___ RECORDS PROVIDED

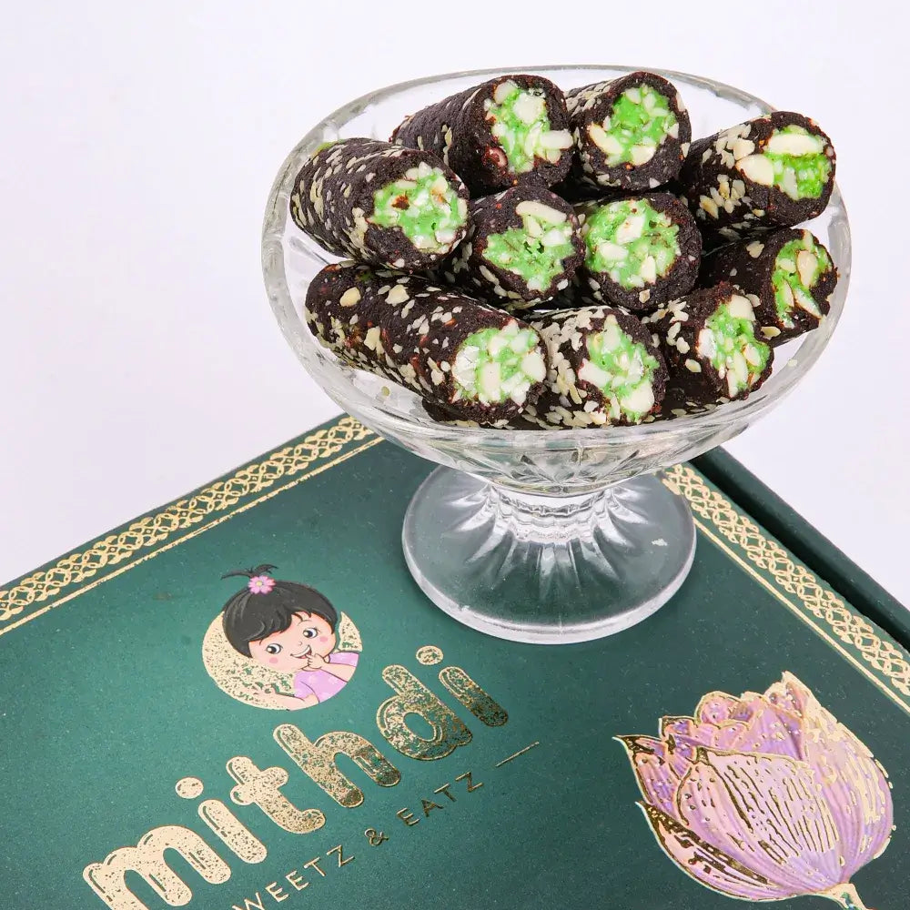 Each roll delivers a perfect balance of chewy figs and crunchy nuts, making it an ideal choice for festive gifting, celebrations, or serving to guests. Prepared using traditional methods without artificial colours or preservatives, Anjir Roll reflects purity, craftsmanship, and timeless taste.
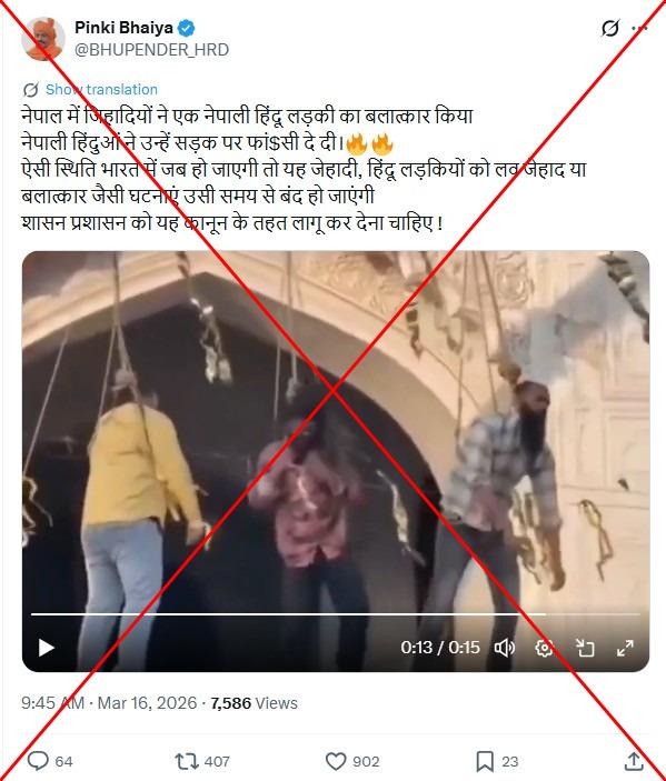 16 मार्च 2026 को X पर शेयर किए गए एक पोस्ट का कैप्शन है, "नेपाल में जिहादियों ने एक नेपाली हिंदू लड़की से बलात्कार किया. नेपाली हिंदुओं ने उन्हें सड़क पर फांसी दे दी."
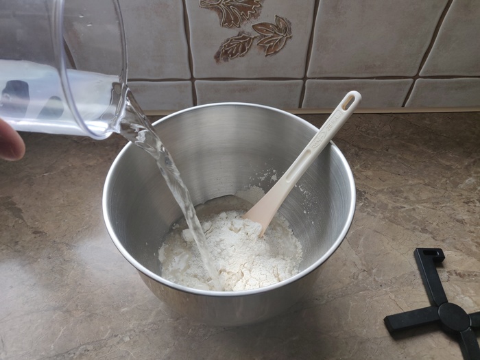 2. 300 г муки и 250 г воды смешаем в деже, и так же отставим на пол часа под полотенце для аутолиза
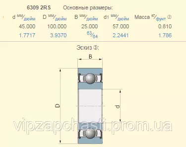 Подшипник 6309-2RS аналоги 215130, D41629300
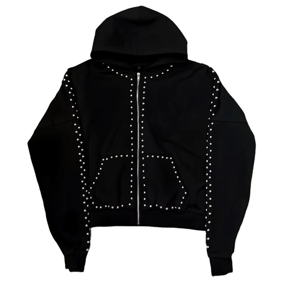 Unisex winter fleece rhinestone hoodie pullover with sparkly crystal artwork suitable for wholesale and shops
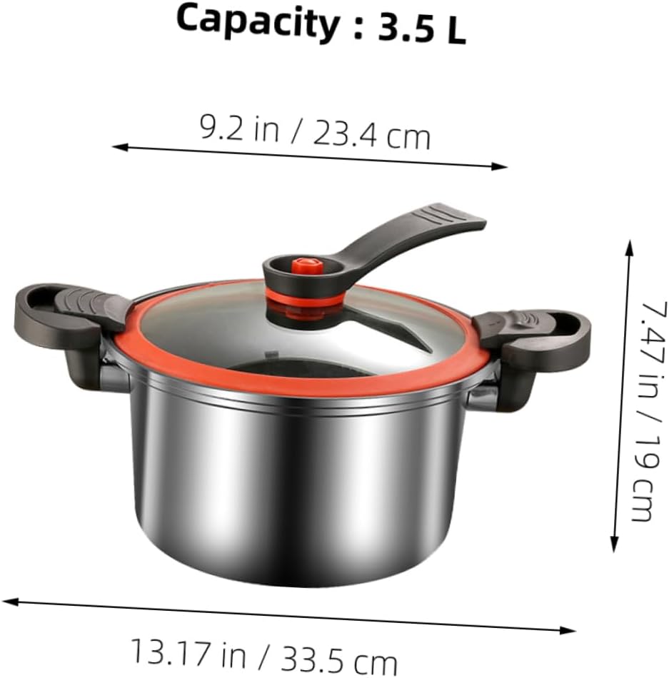 Package List 1 x Micro Pressure Cooker Characteristics -Capacity: 3.5L soup cooking pot -Color:Multi pressure cooker stainless steel -Size:33.50X23.40X19.00cm/13.17X9.20X7.47in cooking pressure cooker -Material:Stainless steel stainless steel pressure cooker - Micro pressure pot can be used to make soup, fast with good taste, better sealing, more time saving mini pressure pot. - Soup Pot is compact in size, not taking up much space, you can easily store it after use pressure pot cooking. - Simmering at low pressure reduces the damage to food nutrients, making food more nutritious Pressure Stew Pot. - A great for your family and friends who love to cook, they will love it very much large soup pot. - Fine workmanship ensuring its practicality and durability, easily win the favors of most people soup pot.Goods DescriptionPressure Stew Pot Non-stick pot for easy to clean.stainless cooking pot want to have a low pressure cooker for stewing all kinds of food? Then, our low pressure cooker is your .stainless pressure cooker You can use it to stew much food.stainless steel pressure cooker You can use it to cook a delicious soup for your family
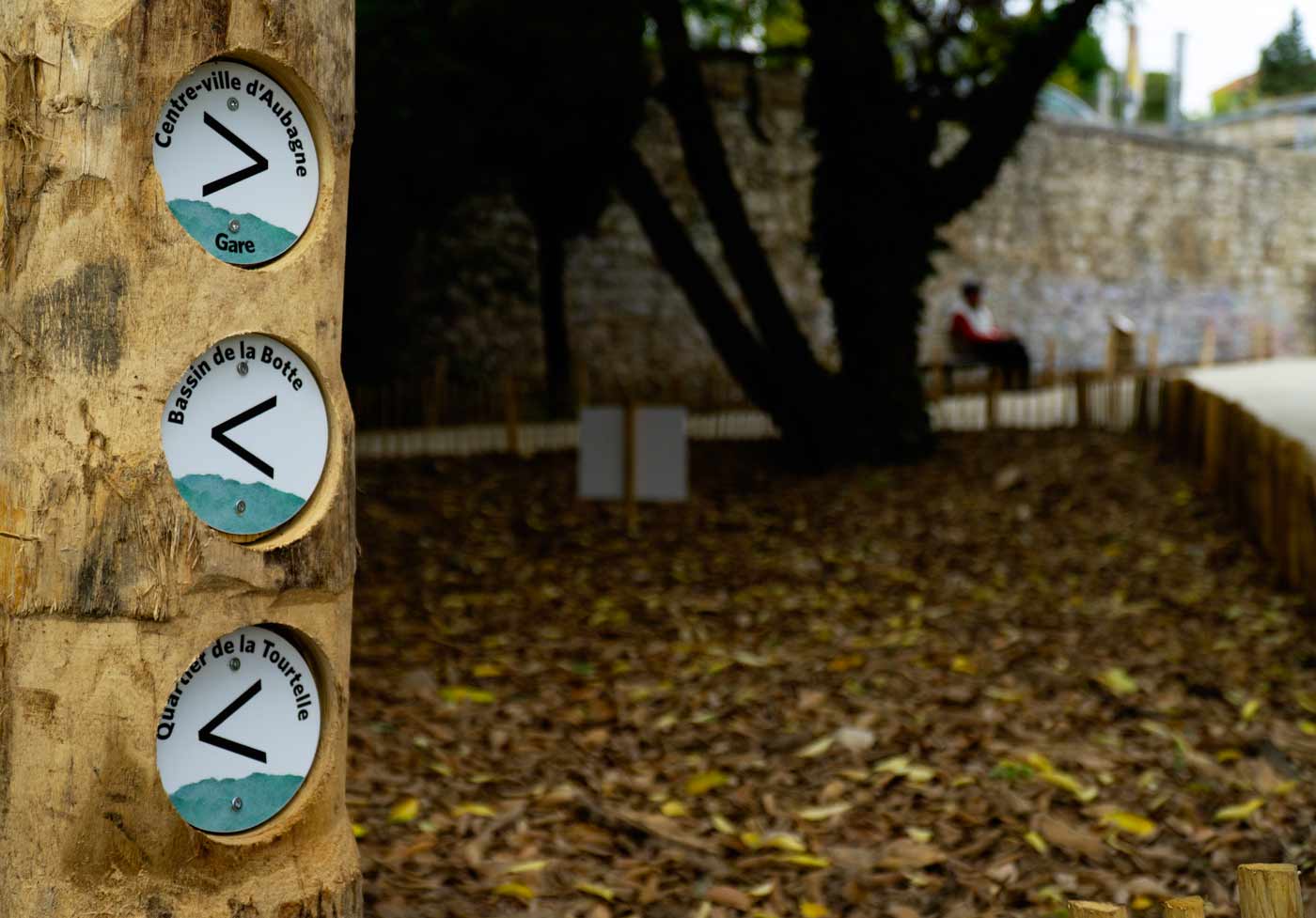 Le parc s’étend sur près de 9 000 m², dont plus de 8 000 m² végétalisés et 5 000 m² désimperméabilisés. Il offre des chemins partagés piétons-vélos, trois passerelles, une plateforme handi-pêche, des pontons d’observation et un belvédère sur la rivière. Des panneaux pédagogiques et des fresques en céramique réalisées avec des artistes aubagnais invitent à découvrir la biodiversité locale. Le bassin de la Botte, réaménagé en espaces de repos, de nature et de rencontre, favorise le lien entre habitants et milieu naturel.

______

PROMPT:
A faithful reproduction of every entry, with no pictures, is the expected answer.

ANSWER BOX:
 Each roll delivers a perfect balance of chewy figs and crunchy nuts, making it an ideal choice for festive gifting, celebrations, or serving to guests. Prepared using traditional methods without artificial colours or preservatives, Anjir Roll reflects purity, craftsmanship, and timeless taste.
 16 मार्च 2026 को X पर शेयर किए गए एक पोस्ट का कैप्शन है, "नेपाल में जिहादियों ने एक नेपाली हिंदू लड़की से बलात्कार किया. नेपाली हिंदुओं ने उन्हें सड़क पर फांसी दे दी."
 2. 300 г муки и 250 г воды смешаем в деже, и так же отставим на пол часа под полотенце для аутолиза
 Подшипник 6309-2RS аналоги 215130, D41629300
 Unisex winter fleece rhinestone hoodie pullover with sparkly crystal artwork suitable for wholesale and shops
 Package List 1 x Micro Pressure Cooker Characteristics -Capacity: 3.5L soup cooking pot -Color:Multi pressure cooker stainless steel -Size:33.50X23.40X19.00cm/13.17X9.20X7.47in cooking pressure cooker -Material:Stainless steel stainless steel pressure cooker - Micro pressure pot can be used to make soup, fast with good taste, better sealing, more time saving mini pressure pot. - Soup Pot is compact in size, not taking up much space, you can easily store it after use pressure pot cooking. - Simmering at low pressure reduces the damage to food nutrients, making food more nutritious Pressure Stew Pot. - A great for your family and friends who love to cook, they will love it very much large soup pot. - Fine workmanship ensuring its practicality and durability, easily win the favors of most people soup pot.Goods DescriptionPressure Stew Pot Non-stick pot for easy to clean.stainless cooking pot want to have a low pressure cooker for stewing all kinds of food? Then, our low pressure cooker is your .stainless pressure cooker You can use it to stew much food.stainless steel pressure cooker You can use it to cook a delicious soup for your family
 Le parc s’étend sur près de 9 000 m², dont plus de 8 000 m² végétalisés et 5 000 m² désimperméabilisés. Il offre des chemins partagés piétons-vélos, trois passerelles, une plateforme handi-pêche, des pontons d’observation et un belvédère sur la rivière. Des panneaux pédagogiques et des fresques en céramique réalisées avec des artistes aubagnais invitent à découvrir la biodiversité locale. Le bassin de la Botte, réaménagé en espaces de repos, de nature et de rencontre, favorise le lien entre habitants et milieu naturel.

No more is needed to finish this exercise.